TASK BRIEF: Return the following lines and nothing else: the one holding "Botellas vacías de agua, refresco, o jugo" and all those after it in the records below, unchanged, minus any pictures.

DATASET ENTRIES:
____________

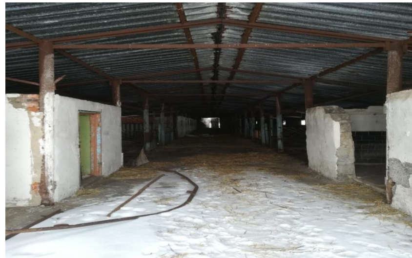
Коровник, фото 2, площадь: 576,0 м 2
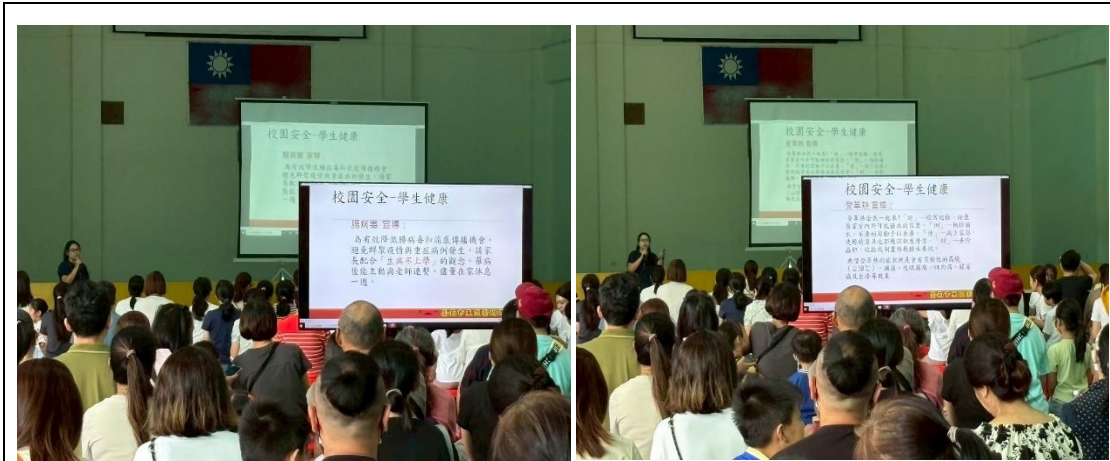
利用全校班親會，向家長宣導健康訊息。
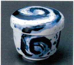
126-07-1K3 2,100円 1917111012 渦刷毛目むし碗 (7.7φ×7H)
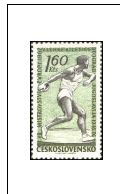
7 es championnats d'Europe d'athlétisme, à Belgrade
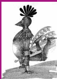
rys. H. Cebula
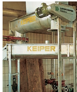
Misch- und Siloaustragschnecke
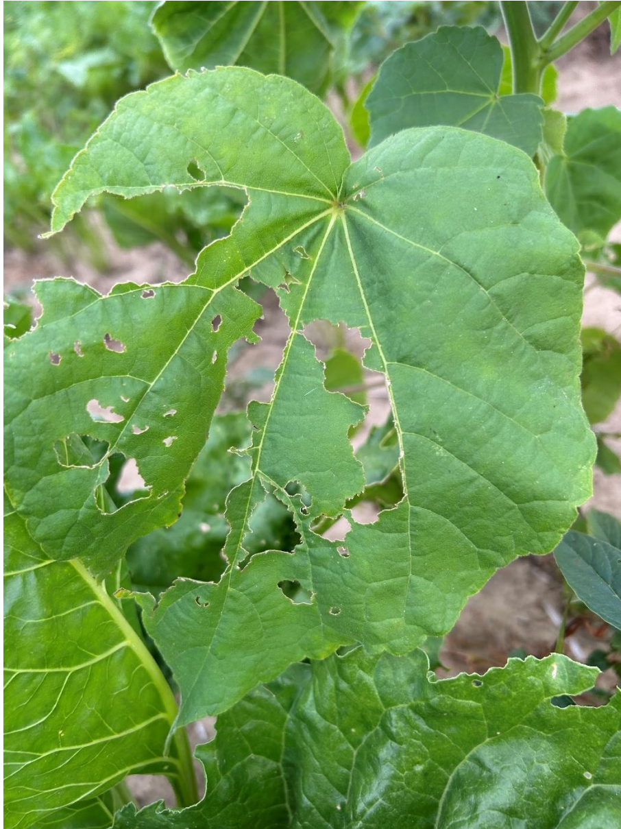
Slika 5.3.6. Oštećena lisna površina europskog mračnjaka uslijed hranidbe gusjenice kukuruznog moljca
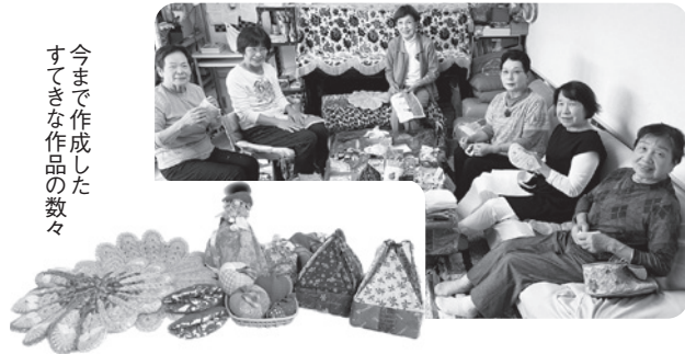
今まで作成した すてきな作品の数々
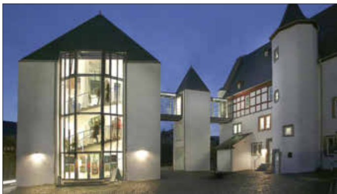
Die Pforten des Lahnsteiner Theaters bleiben vorerst geschlossen.

Die beiden Stücke „Mit siebzehn hat man noch Träume“ und „Alice im Wunderland“ werden in dieser Spielzeit nicht mehr nachgeholt, sondern im nächsten Winter gezeigt. Auch das Gastspiel „Do you contemporary dance?“ und das Stück „Die Taube“ sind abgesagt.
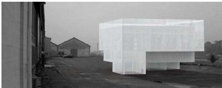
Open climate, implantation du pavillon de 92m2 sur l'île de Nantes. Projet : 2006.
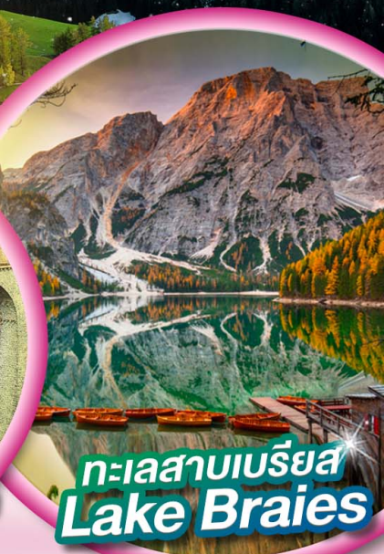
ทะเลสาบเบรียส Lake Braies
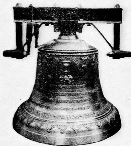
Garbolci református egyház harangja.

Készít: új harangokat, harang vaskoronákat és vasárványokat, repedt harangokat újra átönti legújanyosabb árak s kedvező fizetési feltételek mellett.
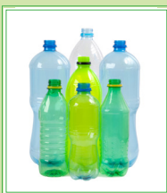
Botellas vacías de agua, refresco, o jugo
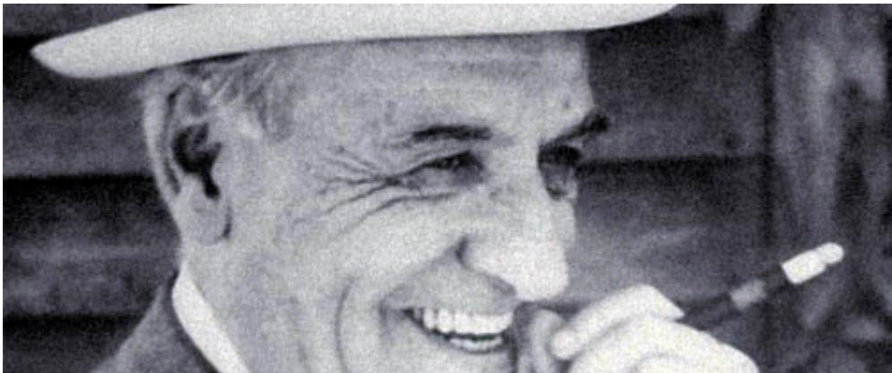
José Ortega y Gasset (1883-1955)

Se ha dicho que la historia de la filosofía Occidental no es más que una serie de notas a pie de página de las obras de Platón y Aristóteles. Y, ciertamente, maestro y discípulo inauguraron dos líneas de pensamiento alrededor de las cuales, con infinidad de matices, han ido pivotando las ideas centrales de los grandes pensadores de todas las épocas.

____________

COMPLETED EXERCISE:
Botellas vacías de agua, refresco, o jugo
José Ortega y Gasset (1883-1955)

Se ha dicho que la historia de la filosofía Occidental no es más que una serie de notas a pie de página de las obras de Platón y Aristóteles. Y, ciertamente, maestro y discípulo inauguraron dos líneas de pensamiento alrededor de las cuales, con infinidad de matices, han ido pivotando las ideas centrales de los grandes pensadores de todas las épocas.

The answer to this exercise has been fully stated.